Carers Centres

Tonight I went to a York Carers Centre event. It was at a local Lush store; we went in, had a poke around, had the chance to make a bubble bar and face mask, got to chat to employees and buy things if we wanted. We were even given a £5 gift voucher!

One of the best things was, it was a chance to chat to people and chill out a bit, and to have a break from our caring roles. (Side note: to those of you who would comment that since Mum died, I’m no longer a carer – the carers centre support people for up to a year after their dependent has died). We spent 90 minutes just chilling, chatting, not having to worry too much or be looking after someone else.

I met a number of people tonight, all absolutely lovely people full of laughter and life, all with a caring role. You wouldn’t know that any of these people was a carer just by looking at them, or probably even by talking to them as it doesn’t usually enter conversation until someone asks ‘so who are you caring for’.

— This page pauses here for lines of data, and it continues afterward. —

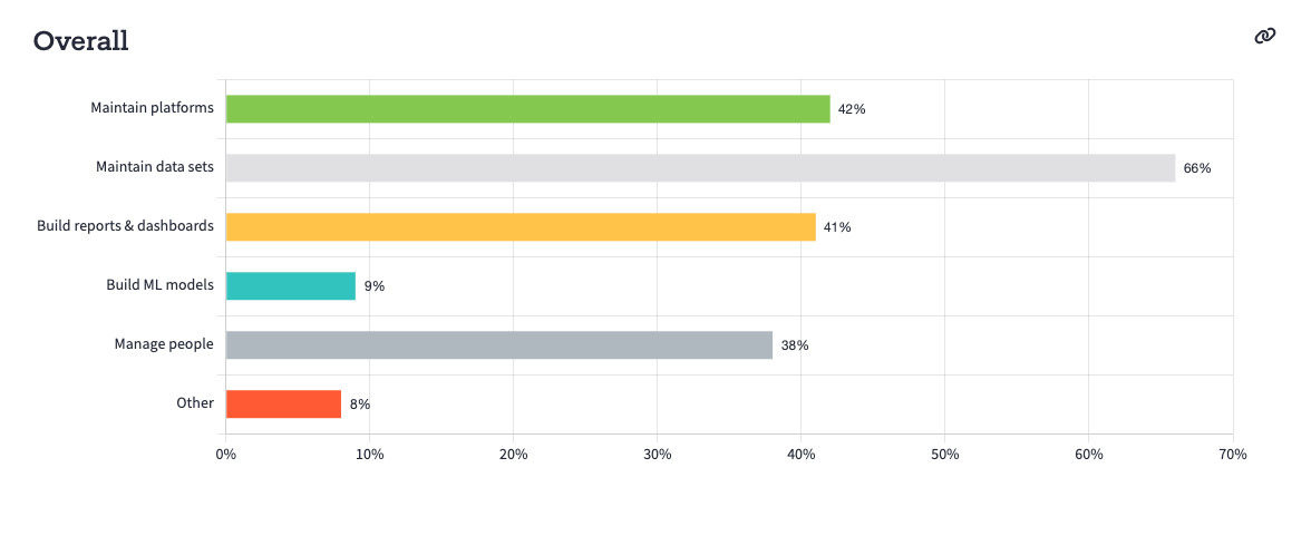 Next, most of their time teams dedicate to maintaining data sets. On the second place is maintaining a platform. For me, it is a positive trend because a valuable time is spent on business needs, rather than infrastructure. (Although, it might be a biased trend because most of the responders are working closely with analytics).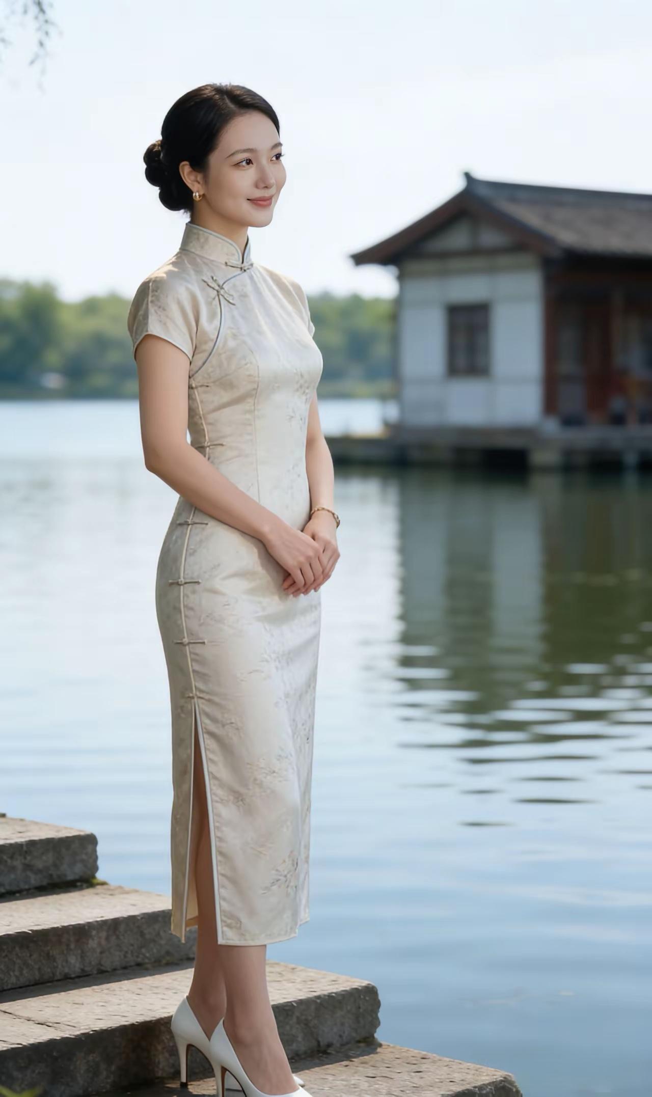 精致中式穿搭 白色立领连衣裙融合新中式韵味与现代简约,立领修饰颈部线条,泡泡袖增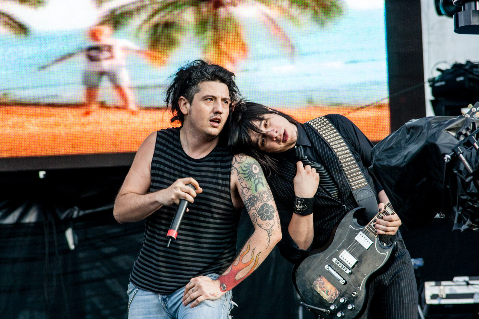 Tem guitarra, bateria, computador saindo som

Each person I met had a different story, a different level of care they were giving, a different level to which is affected their lives. I met mothers who had children with physical, mental, or neurological disorders. Others had a nan they were caring for with dementia or cancer. Some had a parent they were caring for. The event was for those aged 16+ and I’d guess the age of those attending ranged from 16-70ish. Some were caring for more than one person. Some were in work, others studied, some were unable to work or study.

I got chatting to one girl and we were both talking about how we’d forgotten so many social skills that those our age possess. We can communicate with people, we’re not completely incompetent, we’re just not used to sitting in a coffee shop and talking for an hour without worrying about something else, for example. In fact, often, we haven’t had the brain space to even entertain these situations.

This is why events and activities like this are so important; because others who’re there ‘get it’. They understand that we might not know the latest pop. culture. They get that we might be tired or need our phones on us. We can joke about various aspects of our lives. We talk the same language. We can say something and know the other will understand and not look at us as if we’re from mars or something.

Carers centres and the work they do are so important, and we need to keep supporting them. If you’re a carer, and you think your local carers centre could help you, check out the carers.org website and see if there’s a centre near by.